In emeyers/SDS230: Tools for the class Data Exploration and Analysis

$\$

SDS230::download_data("IPED_salaries_2016.rda")

SDS230::download_data("players_born_1901_1950.Rda")

SDS230::download_data("x_y_join.rda")

# install.packages("latex2exp")

library(latex2exp)
library(dplyr)
library(ggplot2)

#options(scipen=999)


knitr::opts_chunk$set(echo = TRUE)

set.seed(123)

$\$

Overview

Review code of logistic regression
Multiple logistic regression
Poisson regression
Data wrangling functions

$\$

Part 1: Logistic regression review

Let us fit a logistic regression model that gives the probability that a professor is a Full professor (compared to an Assistant Professor) based on the professor's salary; i.e., the model is giving P(Full professor | salary).

Note: In the IPED data, the cases are actually individual universities, and the salaries are averages over all professors of a particular rank, so what the model is really doing is giving P(Full professor rank | average salary) which is a little different than the variability that would be seen at the individual professor level.

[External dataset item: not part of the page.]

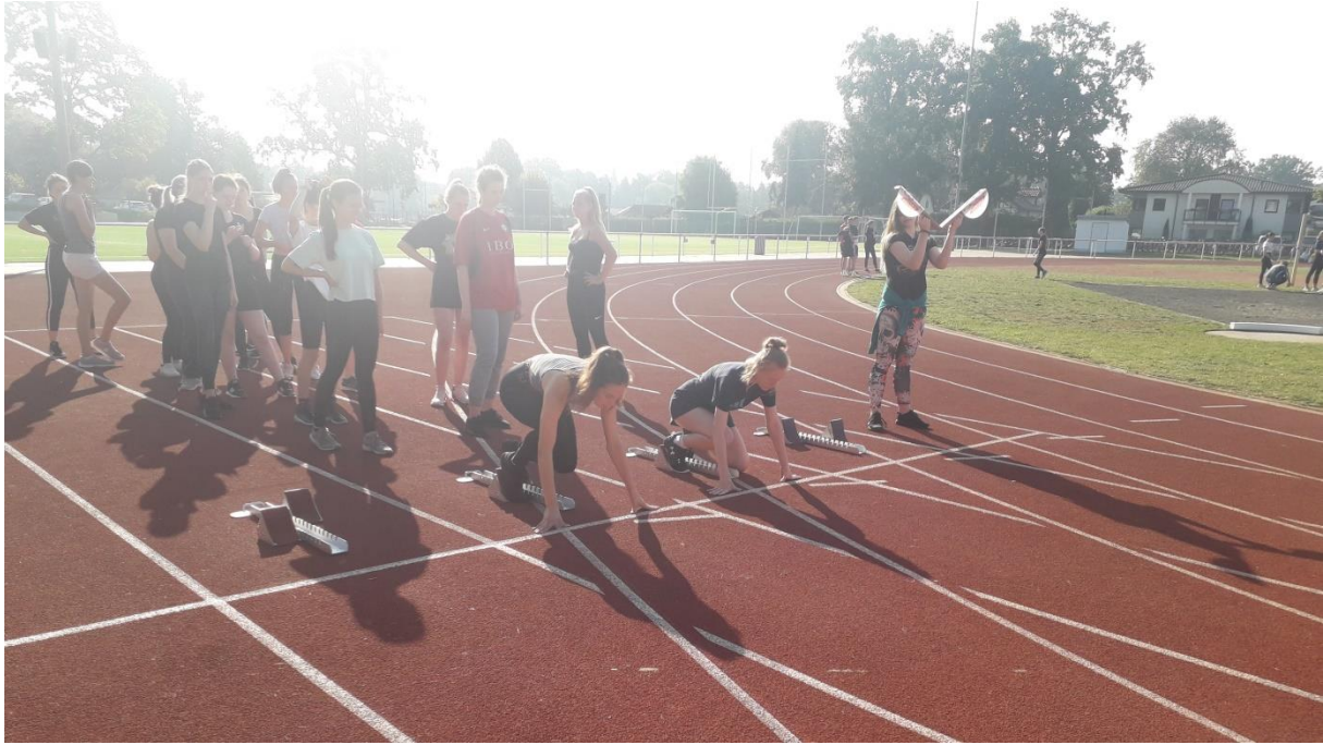
Das Wetter spielte mit, ein Hauch von Spätsommer umspielte die Athleten

Let's start by loading the data, doing a little data cleaning, and plotting the data.

# load the data into R
load("IPED_salaries_2016.rda")

# get assistant and full professor salaries 
assistant_full_data <- IPED_salaries |>
  filter(endowment > 0, rank_name %in% c("Assistant", "Full")) |>
  select(school, salary_tot, endowment, enroll_total, rank_name) |>
  na.omit() |>
  mutate(log_endowment = log10(endowment)) |>
  mutate(rank_name = relevel(rank_name, "Assistant"))


# visualize the data
assistant_full_data  |> 
  ggplot(aes(x = salary_tot, y = rank_name)) + 
  geom_jitter(alpha = .1, position = position_jitter(height = .2)) + 
  xlab("Salary ($)") +
  ylab("Faculty rank")

$\$

Part 1.1.: Fitting a logistic model to the data

Let's now fit a logistic regression model using the glm() function. To fit a logistic regression model, we will use the family = "binomial" argument. What this function is doing is finding the "maximum likelihood" values for $\hat{\beta}_0$ and $\hat{\beta}_1$.

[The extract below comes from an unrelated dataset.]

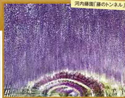
河内藤園「藤のトンネル」
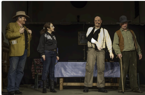
Réconciliation générale après l'accident du fils d'Auguste

We can use the coefficients from the model to build a function that can give the probability of that the faculty rank is Full professor based on the salary value:

$$P(\text{Full professor} | \text{salary}) = \frac{e^{\hat{\beta}_0 + \hat{\beta}_1 \cdot \text{salary}}}{1 + e^{\hat{\beta}_0 + \hat{\beta}_1 \cdot \text{salary}}}$$

# build the logistic regression function 
lr_fit <- glm(rank_name ~ salary_tot, data = assistant_full_data, family = "binomial")


# extract the coefficients
b0 <- coefficients(lr_fit)[1]
b1 <- coefficients(lr_fit)[2]


# create the prediction function 
get_full_prof_probability <- function(salary) {
  prob  <- (exp(b0 + b1 * salary)) / (1 + exp(b0 + b1 * salary))
  names(prob) <- NULL
  return(prob)
}


# what is the probability that if a school is paying $80,000 on average to a 
# particular faculty rank, this rank corresponds to the Full professor rank?
# (instead of the Assistant Professor rank)? 
get_full_prof_probability(80000)

$\$

Part 1.2.: Plotting the logistic regression function

Let's now plot the fitted logistic regression function to see how the probability that the rank corresponds to Full professor changes as a function of the salary amount.

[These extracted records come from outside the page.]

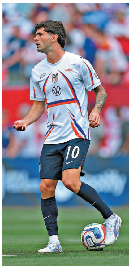
●基斯甸普列錫領軍硬撼巴拉圭鐵桶陣。資料圖片

在普捷天奴執教下，美國鋒線相當重視速度及走位能力，面對會採用「泊大巴」戰術的巴拉圭，正好可以利用「小組入滲」及「走位」撕破防線。另外，美國曾在七個月前友誼賽與巴拉圭交手，並以2:1取勝，後者當時展現出極強的身體對抗能力，美國今仗或需避免因此被對方打亂節奏，更要控制情緒，尤其是出現死球機會時，切勿與對方推撞及發生衝突，要專注當下，才能避免被對手有機可乘。
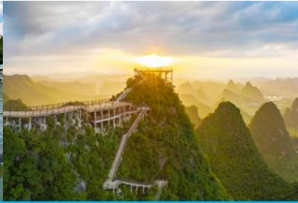
ภูเขาหฺรู่ฝิง
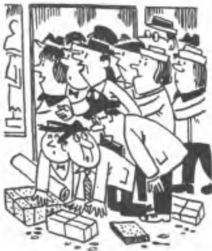
Tak koukám, souseda, že jste se také rozhodl pro předvánoční nákup již nyní, dokud nejsou takové névaly
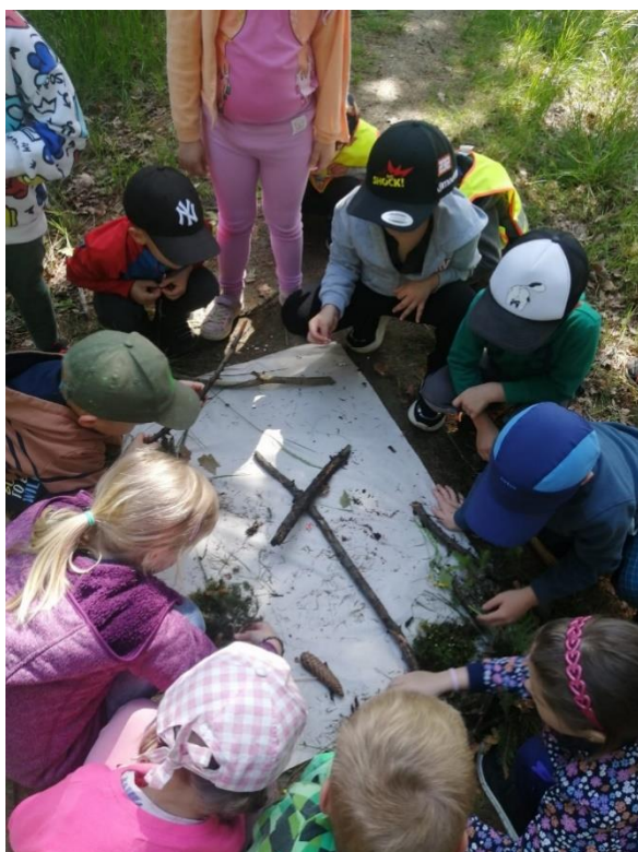
obr. 38

# to plot this function we add 1 to it
plot_full_prof_probability <- function(salary) {
  get_full_prof_probability(salary) + 1
}


# plot the logistic regression function  
assistant_full_data  |> 
  ggplot(aes(x = salary_tot, y = rank_name)) + 
  geom_jitter(alpha = .1, position = position_jitter(height = .2)) + 
  xlab("Salary ($)")  + 
  ylab ("Pr( Full prof | salary)") + 
  stat_function(fun = plot_full_prof_probability, color = "red") +
  xlim(-30000, 200000)  + 
  geom_vline(xintercept = 80000, col = "blue") + 
  geom_hline(yintercept = plot_full_prof_probability(80000), col = "blue", linetype="dotted")

$\$

Part 1.3: Checking the model fit

As we discussed the logistic regression model fits a model of the form: $log(odds) = \hat{\beta}_0 + \hat{\beta}_1 \cdot x_1$. Thus if this model is appropriate, there should be a linear relationship between the $x$ and the log odds.

We can examine this by estimating probabilities in evenly spaced regions of the range of the x values and the proportion fo points in each neighborhood. We can then convert these proportions (i.e., estimated probabilities) into log(odds) and see if they are a linear function of the x values. Let's try this now with our simple logistic regression model.

# Breaking the data into salary groups at $10,000 increments and calculating the proportion
#  of full professors in each group (which is an estimate of the probability in each group).
#  Also adding the log-odds of the probability in each group

bin_ends <- seq(30000, 140000, by = 10000) 
bin_centers <- bin_ends + 10000/2

assistant_full_data_augmented <- assistant_full_data |>
  mutate(salary_group = cut(salary_tot, bin_ends, labels = FALSE)) |>
  group_by(salary_group) |>
  mutate(prob_rank = mean(rank_name == "Full"), n = n()) |>
  mutate(log_odds_rank = log(prob_rank/(1 - prob_rank))) |>
  mutate(bin_center = bin_centers[salary_group])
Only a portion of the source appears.